# Thinning out the "inheritance"



## ARSchmidt (Aug 27, 2017)

Over the years, my wife and I have been the recipients of cameras from friends and family members who have died or moved or just don't want them anymore. We're moving and downsizing and we just really don't want to lug this stuff around any more. Some of it is probably worthless. Some of it may only have nostalgic value (as in, "Oh, I had one of those. It was so cool!). Some might make good props or decoration. A couple items appear to have some potential value after a brief foray on eBay and Google search. Some of it may actually still be usable. I threw together a summary of items and sent it to a couple of local camera clubs and it was broadcast to members. I have gotten no response. I don't want to just junk the lot. I don't want to just foist it off on Goodwill or similar.
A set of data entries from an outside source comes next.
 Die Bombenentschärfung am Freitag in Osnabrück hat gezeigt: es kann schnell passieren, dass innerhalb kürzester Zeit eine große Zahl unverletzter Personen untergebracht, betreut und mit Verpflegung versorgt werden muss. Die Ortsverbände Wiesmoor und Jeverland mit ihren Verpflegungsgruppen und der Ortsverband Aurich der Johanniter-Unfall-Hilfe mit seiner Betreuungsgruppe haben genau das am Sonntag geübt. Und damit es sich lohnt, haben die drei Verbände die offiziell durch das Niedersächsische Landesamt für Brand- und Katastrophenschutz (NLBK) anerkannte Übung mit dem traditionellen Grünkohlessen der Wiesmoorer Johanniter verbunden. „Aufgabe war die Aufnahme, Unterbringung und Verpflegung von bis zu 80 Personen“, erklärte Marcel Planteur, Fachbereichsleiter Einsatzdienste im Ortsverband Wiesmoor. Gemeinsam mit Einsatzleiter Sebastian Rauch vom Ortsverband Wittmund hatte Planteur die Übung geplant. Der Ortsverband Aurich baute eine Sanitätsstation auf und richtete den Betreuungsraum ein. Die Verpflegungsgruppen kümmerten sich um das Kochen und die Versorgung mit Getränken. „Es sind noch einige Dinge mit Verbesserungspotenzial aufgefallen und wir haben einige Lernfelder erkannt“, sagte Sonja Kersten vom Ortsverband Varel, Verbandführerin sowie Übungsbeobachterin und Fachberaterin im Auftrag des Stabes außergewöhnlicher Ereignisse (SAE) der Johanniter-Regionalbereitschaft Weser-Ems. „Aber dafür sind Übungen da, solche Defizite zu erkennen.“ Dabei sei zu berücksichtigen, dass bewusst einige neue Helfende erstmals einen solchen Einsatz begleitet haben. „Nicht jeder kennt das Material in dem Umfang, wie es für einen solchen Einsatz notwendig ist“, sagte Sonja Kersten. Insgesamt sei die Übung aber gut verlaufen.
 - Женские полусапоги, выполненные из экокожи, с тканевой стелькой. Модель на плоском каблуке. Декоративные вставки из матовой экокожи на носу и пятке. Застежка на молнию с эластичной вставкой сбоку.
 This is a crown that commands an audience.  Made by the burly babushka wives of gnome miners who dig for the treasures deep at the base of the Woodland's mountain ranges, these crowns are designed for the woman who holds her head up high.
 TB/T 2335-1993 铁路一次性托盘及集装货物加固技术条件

I don't want to invest a lot of time posting individual items on eBay and/or forums. I had thought of just trucking it all out to the monthly antique market where I know there are a couple of dealers to see if they want to take it off my hands. Any hints, tips, suggestions, etc. will be appreciated.

Thanks,
Andy


----------



## vintagesnaps (Aug 27, 2017)

Is there a camera swap in your area? Or an antique market might be an idea, since this is such a diverse lot a dealer might be able to resell it more than any one person would want all of it. Some nice stuff there, and consigning it you may or may not get what you're asking but it would probably go to people who want it or may use it.


----------



## compur (Aug 27, 2017)

I suggest a yard sale but your $200 asking price isn't realistic for what you have in your list. Most of it you would have trouble giving away, sorry.


----------



## 480sparky (Aug 27, 2017)

I think you'll be lucky to end up with a ten-spot for it all.


----------



## Atarget (Aug 30, 2017)

Agfa Karat ( not "Command") may be worth something provided it's in good mechanical condition ( Karats are plagued with gummed-up focusing helicoid)


----------